# Rambo!



## Corydora_FREAK (Feb 21, 2007)

Well here he is! I give you Red Rambo! (or just Rambo) my new betta that i got today. (on my 8th aquarium counting the quarantine housing the pleco and corys)

He is the luckiest betta at petsmart and he was also the healthiest and most rambunctious and feisty of them all! Very Happy
Tank specs are. 10 gallon tank with 78 farenheit water maybe i might add a small pleco to help control algae. might add a female to get some baby bettas after i research and learn after keeping him for a couple of months.
Here is Rambos tank!









Here he is before his freedom from his horrible jar that he lived in for a month. :x








when i get a better picture of him i promise i will post!
_________________


----------



## oliesminis (May 7, 2007)

hey he looks sad in the second picture. i hope he really enjoys what looks like a great tank i feel sorry for him being in a jar fora month


----------



## Kageshi17 (Sep 6, 2006)

You definately shouldn't add a female to the tank. If you do, they will constantly be chasing eachother around and wearing eachother out trying to kill the other one.

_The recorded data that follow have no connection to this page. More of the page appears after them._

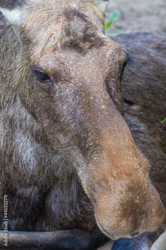 Muzzle of a moose with a sad expression of eyes in brown wool close-up
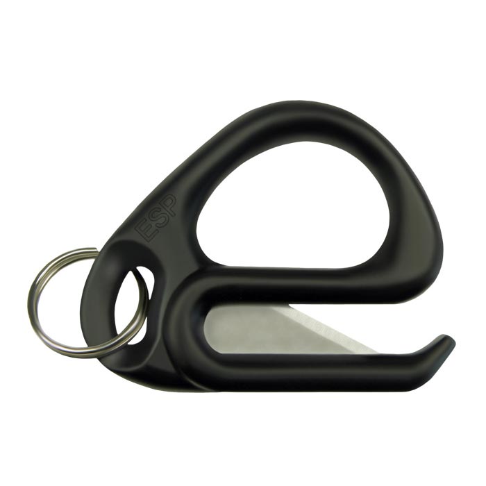 Forme ergonomique avec une ouverture pour une prise en main sûre et un œillet pour l'accrocher à l'équipement ou à un trousseau de clés. La lame du couteau est encastrée, ce qui évite les blessures lors de la manipulation. La partie en plastique du couteau a une forme spéciale qui permet de l'insérer facilement sous les menottes.
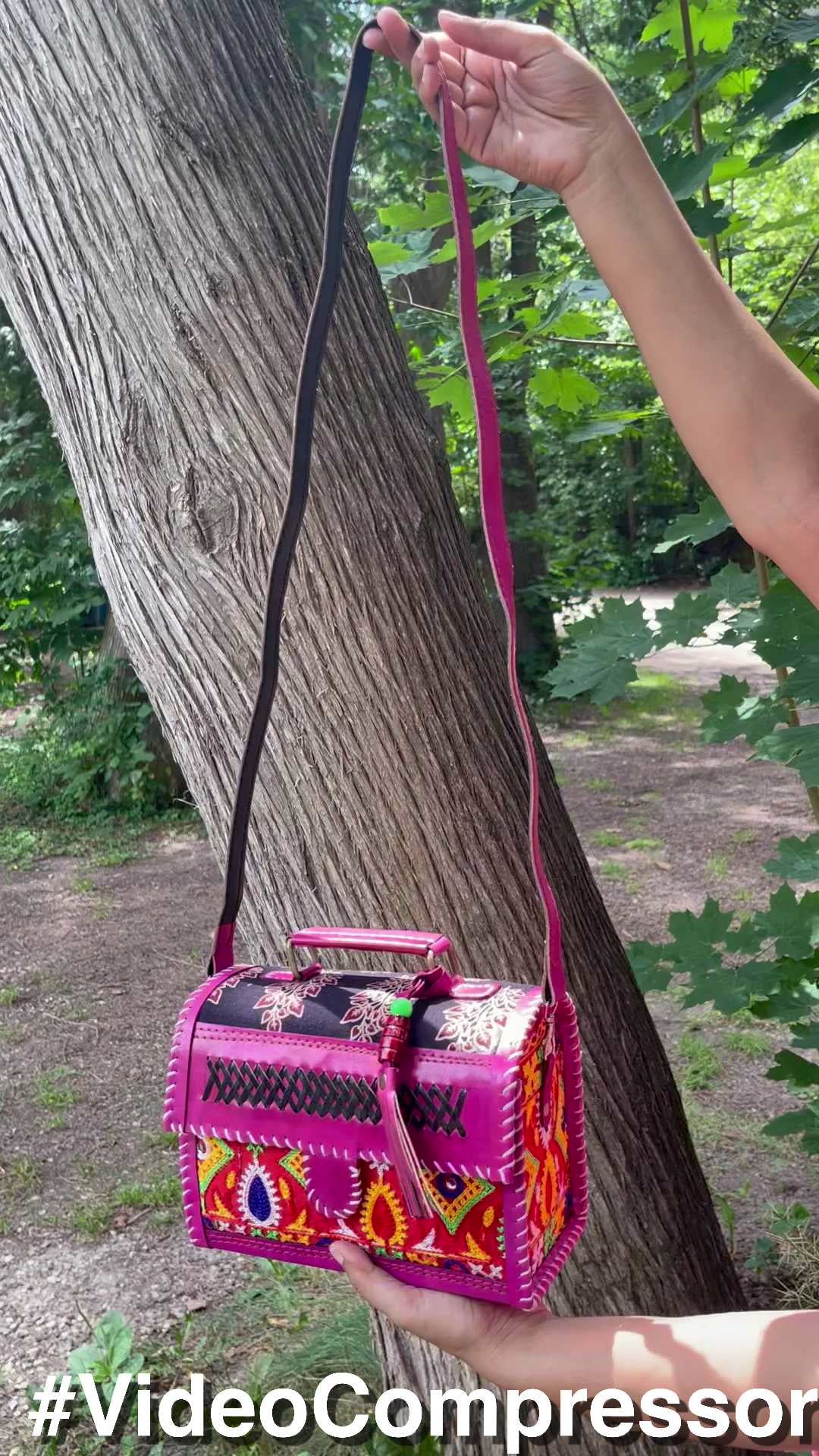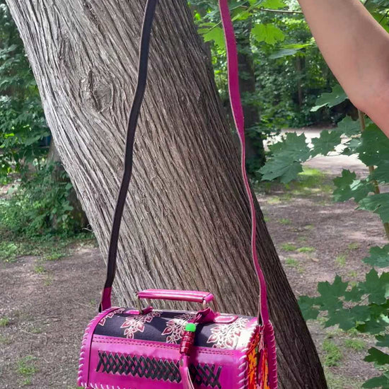 The Hand-Embroidered Leather Box Sling - Hot Pink
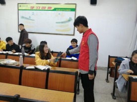 志愿者为同学们发放信封
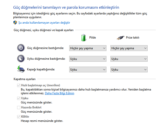 Bu ekrandan güç düğmesine basıldığında, Uyku düğmesine(uyku düğmesi yoksa bir şey etkilenmez) basıldığında ve kapak kapatıldığında olacakları (Hiç bir şey yapma, Uyku, Hazırda Beklet, Kapat, Ekranı kapat) seçebiliyoruz.

Betta breeding takes alot of research and time and it only involves maybe 2 days of interaction between the male and female. But you could add alot of other kinds of fish! My male and female betta all did really well with cories and schooling tetra. They never seemed to have a problem. So yeah, add some more fish if you'd like, he might be kinda nippy and mean at first, but in maybe 1-2 days time, everything will be fine. Haha, good luck!


----------



## Corydora_FREAK (Feb 21, 2007)

do you think he will bother some ghost shrimp?


----------



## Kageshi17 (Sep 6, 2006)

Probably eat them eventually. My betta seemed great with my ghost shrimp...but maybe 1-2 weeks later...the ghost became a real one. Haha I never found what happened to him but my betta loved stalking that guy. So I could only guess


----------



## leafgirl115 (Mar 26, 2006)

You should get a couple of Otos for the tank I have 2 in my 5g with my betta and he loves them. Do not add a female to that tank. Bettas will and do kill each other. Breeding them takes a lot of time and knowlage. Its not some thing to do. After you breed them there is even more to learn and do.

Great looking betta!


----------